Single by Hikaru Utada

from the album Science Fiction
- Language: Japanese; English;
- Released: July 9, 2025
- Recorded: 2023
- Length: 4:21
- Label: Epic Japan
- Songwriter: Hikaru Utada
- Producers: Hikaru Utada; Floating Points;

Hikaru Utada singles chronology
| "Mine or Yours" (2025) | "Electricity" (2025) | "Jane Doe" (2025) |

Music video
- "Electricity" on YouTube

= Electricity (Hikaru Utada song) =

2025 single by Hikaru Utada

"Electricity" is a song recorded by Japanese-American singer-songwriter Hikaru Utada, released on July 9, 2025, via Epic Records Japan. Originally released as a promotional single, "Electricity" later served as the fourth single from Utada's greatest hits album, Science Fiction.

== Background and release ==
Ahead of the release of their greatest hits album, Science Fiction, Hikaru Utada teased a new song featured on the album, "Electricity", on a commercial advertisement for the Japanese general trading company Itochu. The full song was later released on April 10, as the thirteenth track of the second disc from their greatest hits album.

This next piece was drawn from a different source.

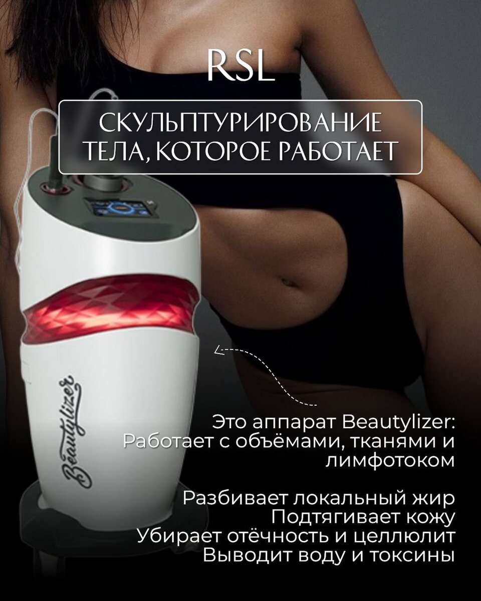 Есть зоны, которые не меняются ни после диет, ни после тренировок. Причина не в калориях, а в физиологии: 📍 локальные жировые отложения 📍 отёчность 📍 плотный фиброзный целлюлит 📍 неровный рельеф и рыхлость кожи Что делает RSL (аппарат Beautylizer): 🔸 разрушает локальные жировые скопления 🔸 активирует лимфоотток и кровообращение 🔸 уплотняет кожу и выравнивает рельеф Эффект проявляется комплексно, курсом процедур, для устойчивой трансформации тела. Преимущества курса RSL: — уменьшение объёмов — более плотная и гладкая кожа — улучшение контура тела — ощущение лёгкости и гармонии Это та процедура, которую я сама лично делаю регулярно и держу вес вот уже несколько лет без диет и ограничений! Попробуйте – легко записаться по ссылке в шапке профиля!

In February 2025, Utada released a remix of "Electricity" with Karen Nyame KG. Two other remix singles were released digitally, an Arca remix and Salute remix. A remix EP and LP record was later released in July.

== Promotion ==
The Karen Nyame KG remix of "Electricity" premiered during a pre-release party held in Osaka. A pre-order campaign was held for the Arca and Salute remix.

== Live performances ==
Utada performed "Electricity" primarily as the encore song during their Science Fiction Tour. At Coachella 2025, Utada made a guest appearance during Arca's set, performing "Electricity".

== Music video ==
On December 6, 2024, Utada released a teaser for the "Electricity" music video. The music video later premiered on their YouTube channel on December 9.

A music video for the Arca remix of "Electricity" was released on April 22, 2025.

== Track listing ==
- 12" Vinyl

1. "Electricity" – 4:21
2. "Electricity" (Karen Nyame KG remix) – 3:42
3. "Electricity" (Arca remix) – 3:38
4. "Electricity" (Salute remix) – 4:10

- Digital download and streaming – Electricity Remixes EP

5. "Electricity" – 4:21
6. "Electricity" (Karen Nyame KG remix) – 3:42
7. "Electricity" (Arca remix) – 3:38
8. "Electricity" (Salute remix) – 4:10
9. "Electricity" (instrumental) – 4:21

== Personnel ==
- Hikaru Utada – vocals, production, programming
- Floating Points – production, programming
- Melraw – saxophone, flute
- Alex Reeve – guitar
- Kuniyuki Takahashi – percussion
- Hinako Omori – piano
- Steve Fitzmaurice – mixing

== Charts ==

Chart performance for "Electricity"
| Chart (2024–2025) | Peak position |
|---|---|
| Japan (Oricon) | 31 |
| Japan Download Songs (Billboard Japan) | 74 |
| Japan Top Singles Sales (Billboard Japan) | 34 |

== Release history ==

Release history and formats for "Electricity"
Region: Date; Format(s); Version; Label; Ref.
Various: February 15, 2025; Digital download; streaming;; Karen Nyame KG remix; Epic Japan
February 28, 2025: Arca remix
March 31, 2025: Salute remix
July 9, 2025: Remixes EP
Japan: LP; Remixes (type A)
Remixes (Amazon Japan type B exclusive)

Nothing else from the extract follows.